9. Jugend-Redeforum
Seit dem Jahr 2003 findet das Jugend-Redeforum jährlich am ersten Wochenende im November im Sächsischen Landtag statt. Immer mehr Jugendliche finden den Mut, ihr Redetalent öffentlich unter Beweis zu stellen. Am 5. November 2011 waren es 36 Schülerinnen und Schüler aus Sachsen, Thüringen und Brandenburg, die um die ersten drei Preise rangen. Es war die neunte Auflage des Wettbewerbs.
Eine Gabe, die man nutzen muss
Landtagspräsident Dr. Matthias Rößler, der Schirmherr der Veranstaltung, wird nicht müde zu betonen, wie wichtig es ist, seine rhetorischen Fähigkeiten zu schulen und im Bereich der Rede und Gesprächsführung unter Beweis zu stellen. Der möglichst frei vorgetragenen Rede kommt eine entscheidende Rolle im Parlamentarismus und in der Demokratie zu.
Der Wettbewerb um Redekunst und überzeugendes Auftreten bietet den Jugendlichen die Möglichkeit, sich mit Gleichaltrigen zu vergleichen und zu testen, wie man mit der Anwesenheit von Publikum und Zeitdruck umgehen kann. Der Debattierclub in der Schule ist eine gute Übungsplattform, aber der Ernstfall wird im Landtag geprobt.

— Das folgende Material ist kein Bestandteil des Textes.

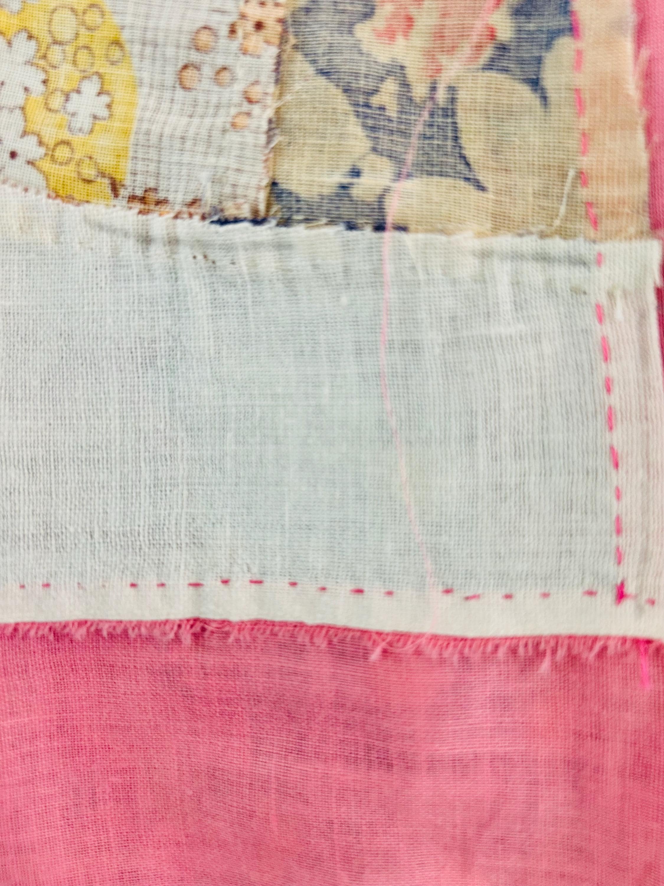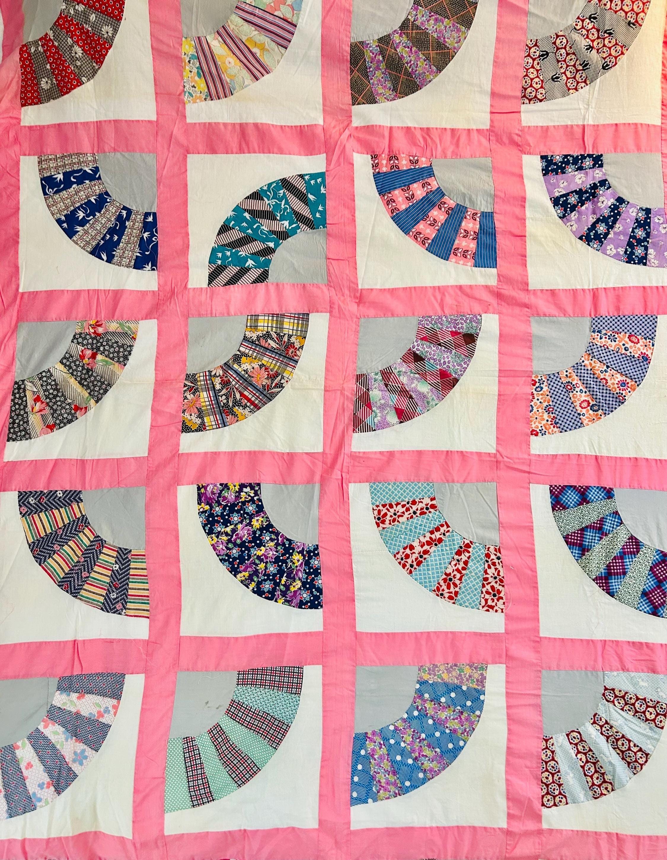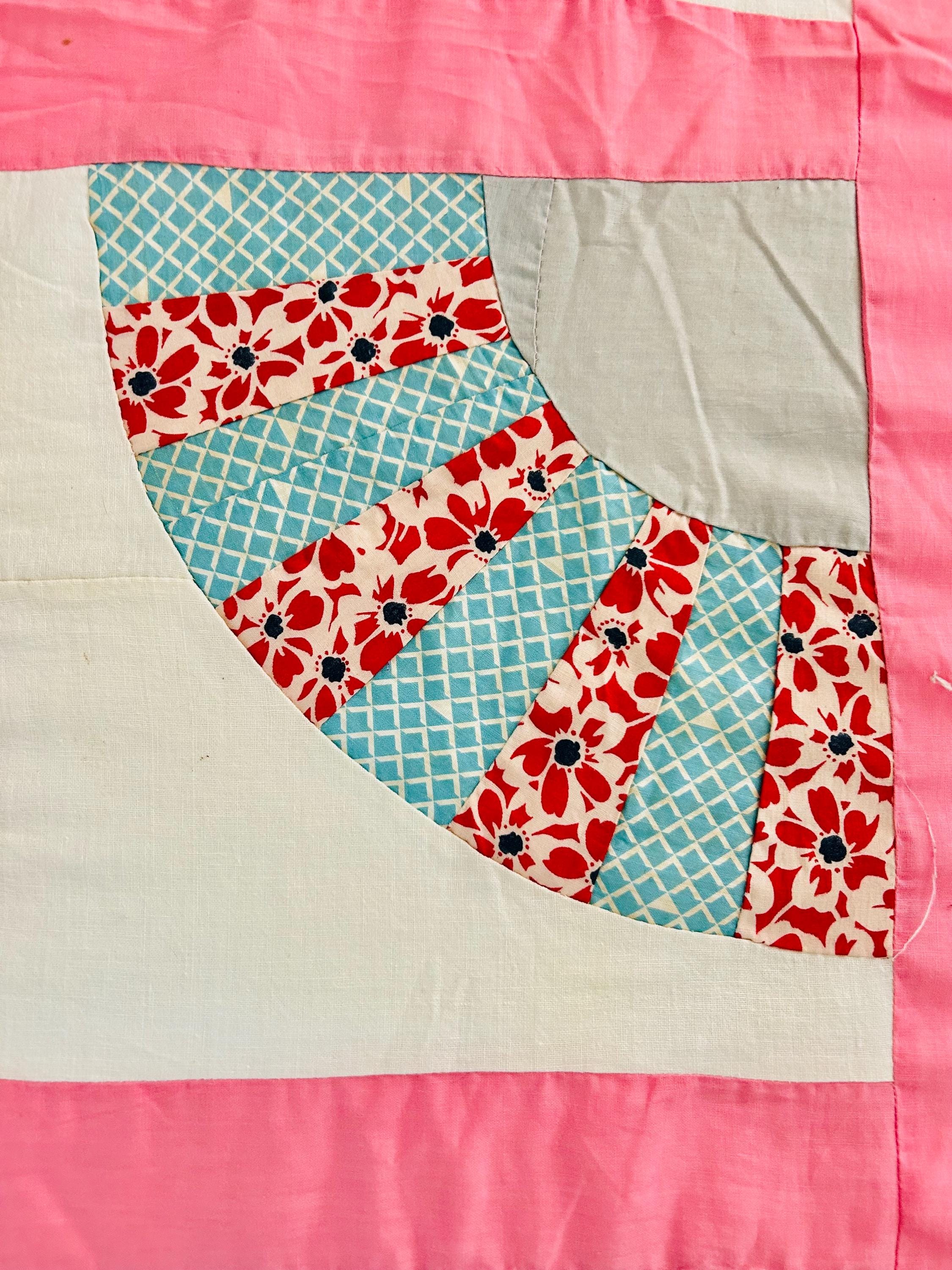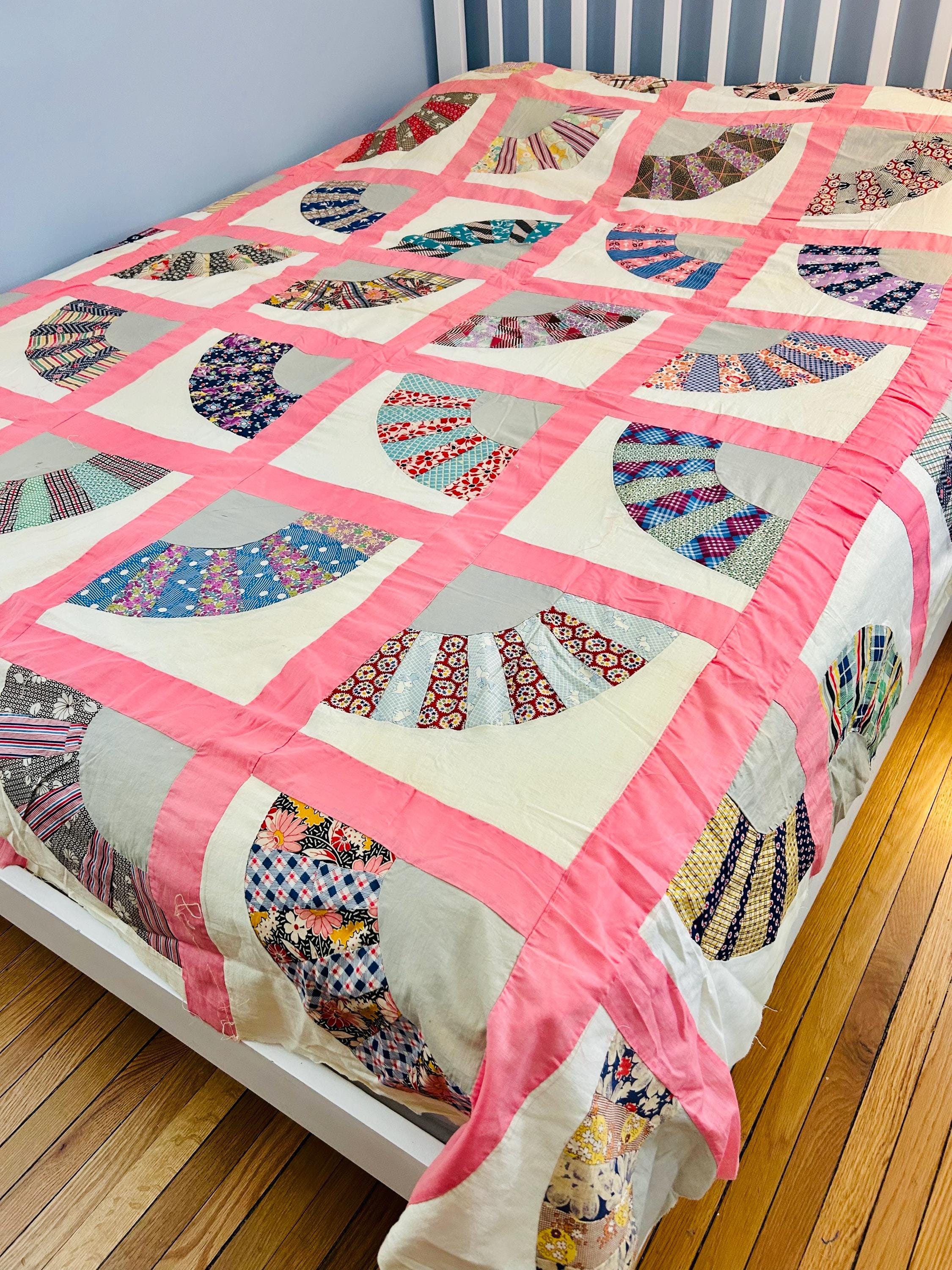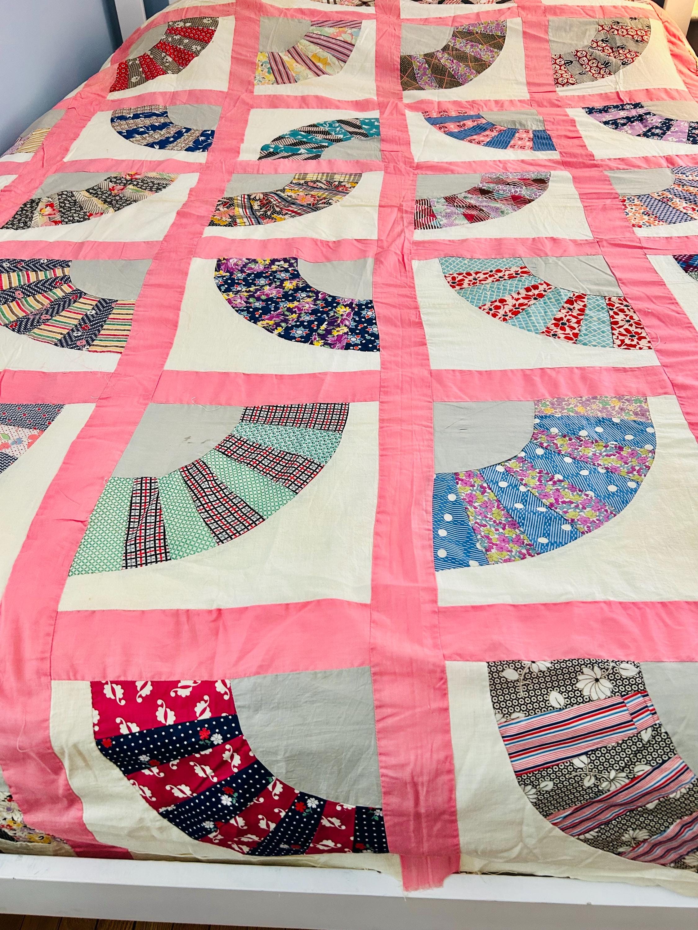 This wonderful vintage scrappy Grandmother's Fan Quilt Top is signed “Grandma” and dated 1940, a time when the maker was 70 years old. The design features classic Fan blocks, each composed of scrappy pieced wedges in lively 1930s–1940s feedsack cotton prints with vibrant pink sashing. The fabrics include: • Feedsack florals • Geometric conversation prints • Polka dots • Plaids • Cheerful Depression-era color palette • Star prints • Stripes and novelty prints
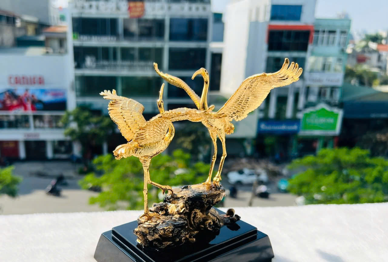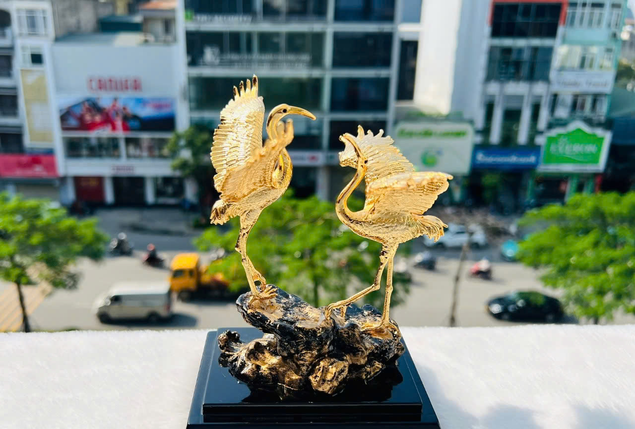 Tượng đôi hạc do Golden Gift Việt Nam chế tác được mạ vàng thật bằng phương pháp điện phân

Am Vormittag diskutieren die 36 Teilnehmer im Alter zwischen 14 und 19 Jahren jeweils in Sechser-Gruppen. Die Themen aus Politik, Gesellschaft oder dem eigenen Leben werden kurz zuvor bekannt gegeben. Nach einer fünfminütigen Vorbereitungszeit folgt eine fünfzehnminütige Diskussionsrunde. Ein sehr aktuelles Thema „Promotion um jeden Preis – warum sind wir von Titeln so beeindruckt?“ bewegte die Gemüter der Teilnehmenden aus den 11. und 12. Klassen. Die Jugendlichen aus den 8. und 9. Klassen setzten sich mit der Problematik „Wie viel Fleisch ist gesund für uns – und Mutter Erde?“ auseinander. Auch der spannenden Frage „ WikiLeaks, VroniPlag – soll die Meinungsfreiheit im Internet grenzenlos sein?“ haben sich unsere netzaffinen jungen Menschen gerne angenommen.
Die siebenköpfige Jury, Vertreter der Medien und Fachleute der PR und des Verbandes der Redenschreiber deutscher Sprache, hatten alle Mühe sich zu entscheiden, wem die höchste Punktezahl (eins bis sechs) zusteht. Die Profis der Redekunst halten sich an Bewertungskriterien, wie z. B. Ausdrucksfähigkeit, Wissen und Struktur, Körpersprache und soziale Kompetenz. Aber auch diese Anhaltspunkte machten die Entscheidung nicht leicht.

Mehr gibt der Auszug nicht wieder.